Neurological movement disorder substantially reduced by deep brain stimulation therapy

15 November 2006.

Minneapolis, USA. Research shows that pallidal deep-brain stimulation (DBS) can provide significant and sustained benefits to people with a disabling form of a neurological movement disorder called dystonia.

The treatment uses an implantable medical device to send mild electrical pulses to precisely-targeted areas of the brain involved in motor control. The results are published in the latest issue of The New England Journal of Medicine. The treatment was pioneered by Medtronic, which sponsored the study at ten medical centres in Germany, Norway and Austria.

All 40 patients who took part in this double-blind, randomized, controlled clinical study had "marked disability" owing to primary generalized or segmental dystonia, despite the best medical care.
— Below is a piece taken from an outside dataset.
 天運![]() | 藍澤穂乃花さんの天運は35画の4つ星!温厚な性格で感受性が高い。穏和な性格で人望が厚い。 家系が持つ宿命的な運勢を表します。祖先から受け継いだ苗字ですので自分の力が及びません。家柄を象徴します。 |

They all received an Activa neurostimulation system with electrodes positioned in the globus pallidus, a structure that forms part of the basal ganglia and which is involved in regulating voluntary movement at a subconscious level. In the study, half the patients began receiving stimulation immediately after implant of the system. The other half did not have stimulation switched on until three months after implant. Neither the patients nor the physicians who evaluated them knew who was receiving stimulation for the first three months of the study.

Three months after randomization, patients who received neurostimulation showed a significant reduction in the severity of their symptoms and in their degree of disability. The neurostimulation group experienced a 39.3 % improvement in the movement score (using the Burke-Fahn-Marsden Dystonia Rating Scale) compared to a 4.9% improvement in the non-stimulation group. Similarly, neurostimulation patients recorded a 37.5% reduction in the scale's disability scores, compared to an 8.3% reduction among non-stimulation patients.
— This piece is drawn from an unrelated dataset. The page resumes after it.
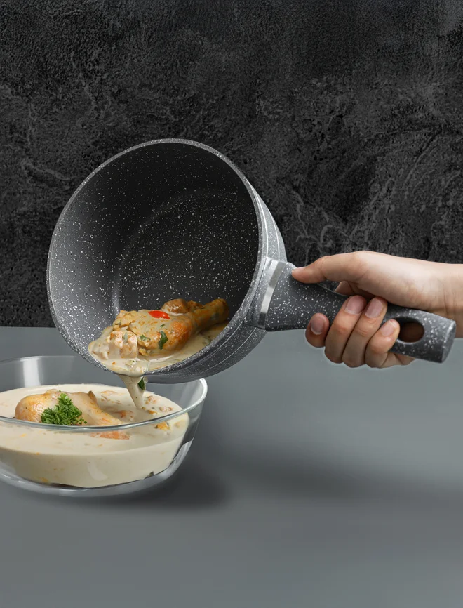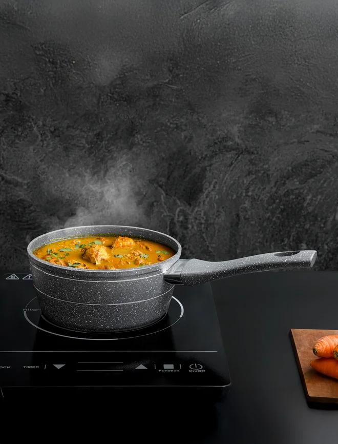 This saucepan is made with aluminium that is treated for maximum sturdiness. Use it for boiling or braising for long durations, and it can withstand heat. It can be used for making unique recipes.

Clinical evidence in support of neurostimulation for the treatment of movement disorders continues to mount. Numerous studies over the past decade have shown neurostimulation to be a viable treatment for symptoms of Parkinson's disease and disabling tremor. This latest study underlines the safety and efficacy of neurostimulation as a treatment for patients with debilitating forms of primary dystonia involving multiple parts or both sides of the body. The authority of many previous dystonia studies has been hampered by the difficulties of eliminating bias and by the lack of effective controls. The randomized, controlled and blinded design of this study makes the results all the more compelling.

As part of the study, all patients — regardless of their original group assignment — received neurostimulation therapy for at least six months. After three months, patients in the non-stimulation group had neurostimulation switched on, unblinding this extension phase of the study.

After the six-month extension phase, patients realized an average improvement in the motor score of 46%. This symptomatic benefits translated into significant improvements in all activities of daily living. Using the physical component of the SF-36 measure, quality of life was found to have improved by 31.5%.

Commenting upon the potential impact of these findings, "This study fulfils the rigid criteria of Class I evidence and, hence, the results will have implications on future dystonia treatment guidelines worldwide. Neurostimulation therapy should be implemented much earlier in the course of generalized or segmental dystonia as there are no alternatives in this population" added the leading researchers, Professor Reiner Benecke and Dr Jens Volkmann, from the Neurology Departments of, respectively, the University of Kiel and the University of Rostock in Germany.

Twenty-two adverse events were reported. In the randomised phase there were no reported adverse events with permanent sequelae. The adverse events in the extension phase were typically related to the stimulation and were resolved or improved by changing the stimulation measures. Four adverse events were considered permanent, requiring cessation of stimulation. No change in patients' cognitive status was observed, and mood was reported to have improved significantly during the study.

Activa therapy from Medtronic is available worldwide as a treatment for primary dystonia, the symptoms of Parkinson's disease and disabling tremor - the three most common movement disorders.

Dystonia is characterized by involuntary muscle contractions, which force certain parts of the body into sudden and sometimes permanent abnormal movements or postures. It can affect any part of the body - including the arms and legs, trunk, neck, eyelids, face, or vocal cords. Over 80,000 Europeans suffer from dystonia, the results of which often leave them in permanent debilitating pain or unable to live a normal life because of the contortions into which their muscles force them. Mental function is unaffected in dystonia patients frequently leaving them prisoners in their own bodies.

The study involved patients with primary generalized or segmental dystonia. "Primary" refers to the presence of dystonia in the absence of any other underlying disorder. "Generalized" means the symptoms involve several body areas on both sides of the body, whereas "segmental" indicates that two or more adjacent body areas are involved.

The study was supported by a research grant from Medtronic, and was conducted independently at ten academic medical centres in Germany, Norway, and Austria.